### EXERCISE INSTRUCTIONS
For this exercise, an exact copy is needed of only the lines from the one containing "(3)全校共有600名学生参" through the end of the data, with pictures left out.

### INPUT DATA
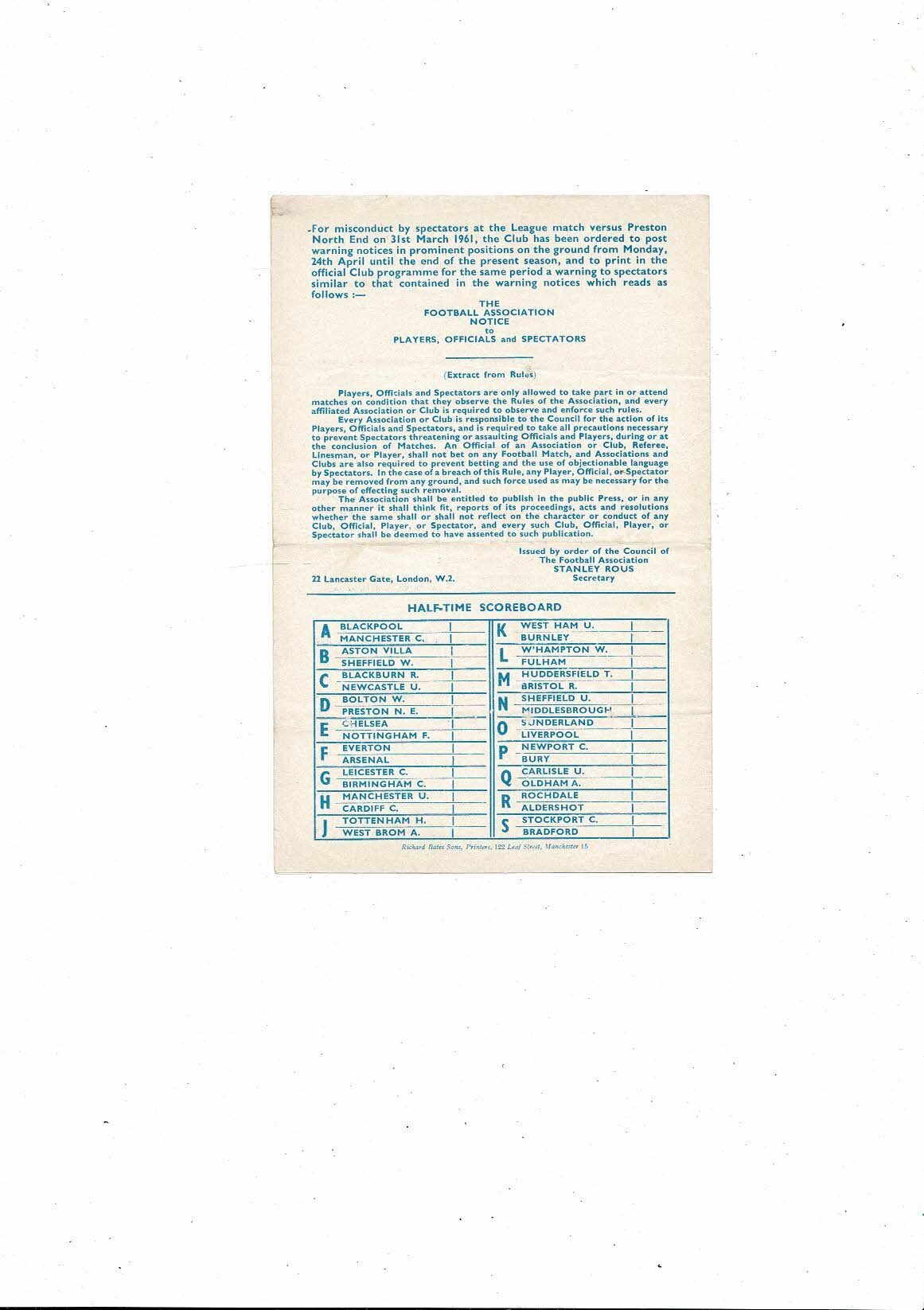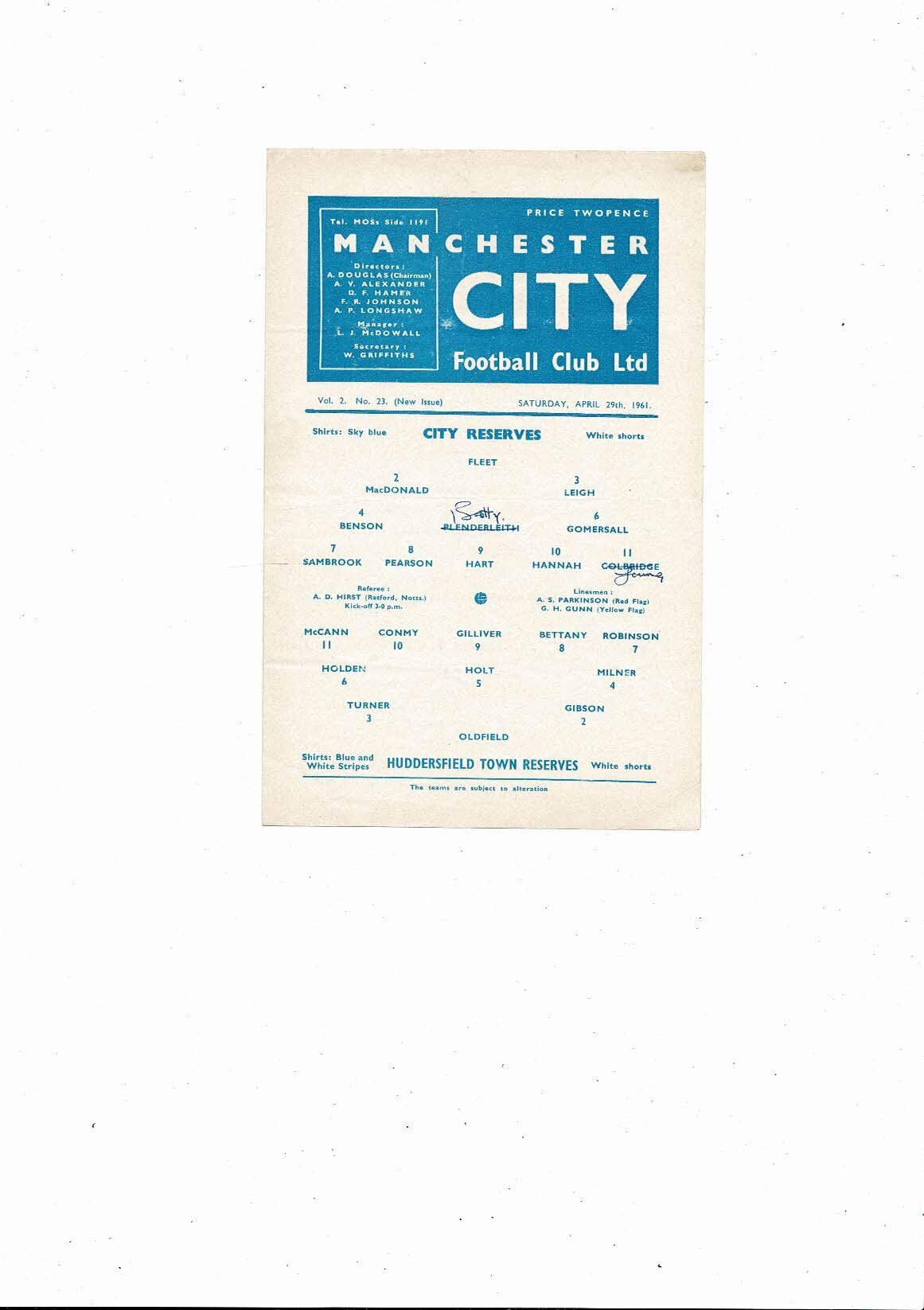 The Original 4 page Football Programme is creased & folded with some minor staining, tiny nic & two team changes. Please see scans
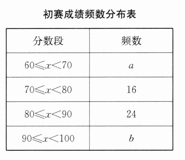 (3)全校共有600名学生参加初赛,估计该校成绩在$90\leqslant x<100$范围内的学生有多少人;
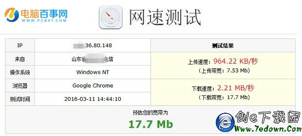从测试结果来看,上传速度相当于的二分之一多一点。从这里可以说明,虽然光纤上传速度也有扣量,但相比ADSL时代的8:1或者10:1已经要好很多了。

### SOLUTION BELOW
 (3)全校共有600名学生参加初赛,估计该校成绩在$90\leqslant x<100$范围内的学生有多少人;
从测试结果来看,上传速度相当于的二分之一多一点。从这里可以说明,虽然光纤上传速度也有扣量,但相比ADSL时代的8:1或者10:1已经要好很多了。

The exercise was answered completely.